"Thank you, Alma," Storm says, setting down his NewsFeed to look me over. He seems larger today, if that's possible. His black turtleneck sets off the wintry steel of his eyes. The crackling, interlocked energy framing his head is becoming flesh and bone. "Good morning, Lucy. I hope you slept well."

The wooden table gleams, nearly as big as ours back home. Jared comes around behind me as I sit down. I color. "Eventually."

"Good. We have a few things to discuss after breakfast."

I reckon my father might be one of them, Margot too. Jared graces Alma with an all-but blinding smile. She tutts and fusses over him before coming around to me.

"Come on, eat up," she says warmly. "You'll need your strength."

I eye a heaped plate of French toast, another beside it stacked with bacon and sausage. I wasn't hungry before, but suddenly I'm ravenous.

I'm halfway through my plate when my hunger leaks away. I feel the familiar pull, now laced with pain and something so dark I don't have a name for it. Wild, maybe. My fork clatters to the plate, and I stare into space for a moment, adjusting to Margot's weight inside me.

Storm scans my face. "Lucy."

"Margot's up." The words are filled with the false optimism of a Protocols nurse. I don't know if they believe me or care. I only care that they don't see it when, scrambling to get to my sister, disoriented by her chaotic state, I stumble against the wall. I should know better by now.

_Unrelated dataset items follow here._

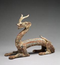 | Keywords: Chinese - Dragon - Walters 492425 - Profile.jpg Placed in a tomb a dragon provided a means to get to heaven But ceramic dragons were also modeled in times of drought When the dragon appears then wind and rain arise to escort him century 4 5 earthenware paint cm 25 7 7 3 accession number 49 2425 33988 Edward L Brewster Pikesville Maryland ProvenanceEvent Walters Art Museum 1977-09 gift Gift of Mr and Mrs Edward L Brewster 1977 Netsuke Miniature Sculpture of Japan place of origin China Walters Art Museum license Netsuke Miniature Sculpture of Japan Chinese ceramics in the Walters Art Museum Sculptures of dragons in China Chinese earthenware 4th-century sculptures |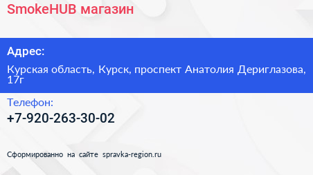SmokeHUB, магазин по адресу Курская область, Курск, проспект Анатолия Дериглазова, 17г в дальнейшем Организация, размещена в следующих категориях: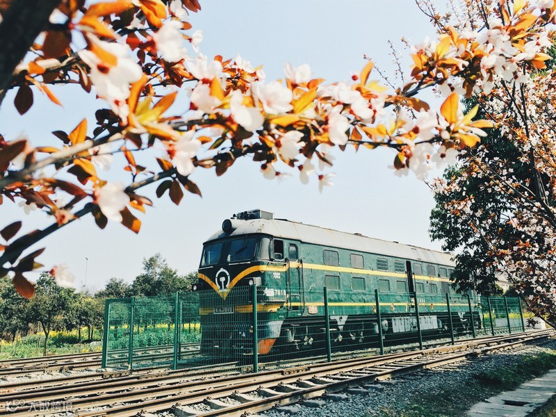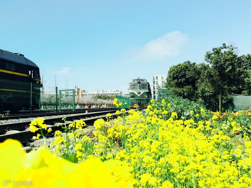 亮点:现成的火车和铁轨在金色的油菜花映衬下,拍照当然是极好的!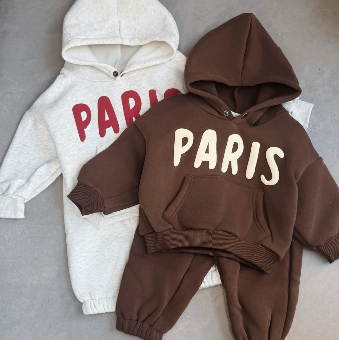 [73-120cm] 英字 パーカー&パンツ セットアップ

A hand clamps over my arm and pulls me upright. "How did you manage to survive so long without me, Princess?" a familiar voice grouches.

There must be something in my face. Jared stops cold, swears under his breath. His fingers prod me softly until I'm leaning against the wall. "Dammit, Lucy." His eyes bore into mine, taking on that faint green sheen I now realize means he's getting upset. I bat at the arms he's clamped over my shoulders, but I'm distracted by the closeness of his mouth, the look of total concentration stamped over his handsome features.

He doesn't say anything more. Not what I expect. "What?"

"You can't keep doing this to yourself."

"Do what?"

"This. You're letting her torture you."

"Don't say that," I yell, genuinely shocked. "Don't you ever say that." Jared doesn't understand. Even if Margot weren't my twin, my other half, it's my responsibility to make sure she's okay.

Tears burn behind my eyes, leak onto my face. And maybe I'm as surprised as Jared when he pulls my head onto his shoulder and just holds me. He pulls me tight against his body until the tight knot in my throat starts to dissolve and all I'm left with is the hard lines of his muscles beneath my hands. The smell of him. The tingling heat that seems to fill my body whenever he's around.

His hands trace down through my hair, capturing my full attention. Time slows to a crawl. Margot's tug inside me, I realize blankly, has subsided to a small ball of ache, something I can manage. My hands run down his back. I hear a small hiss in my ear. I pull back an inch and instantly regret it. Some part of me feels untethered without his heat pressing into me.

"Why are you doing this?" I croak. He tilts his head in confusion, and I wonder if it's because I've left my hands on his chest.

"Doing what?"

"Being nice to me."

His hands frame my face. He studies my hair, my earlobes, my lips like he's reading something fascinating before answering. "I like pains in the ass," he says with a hint of a smile. "They remind me of me."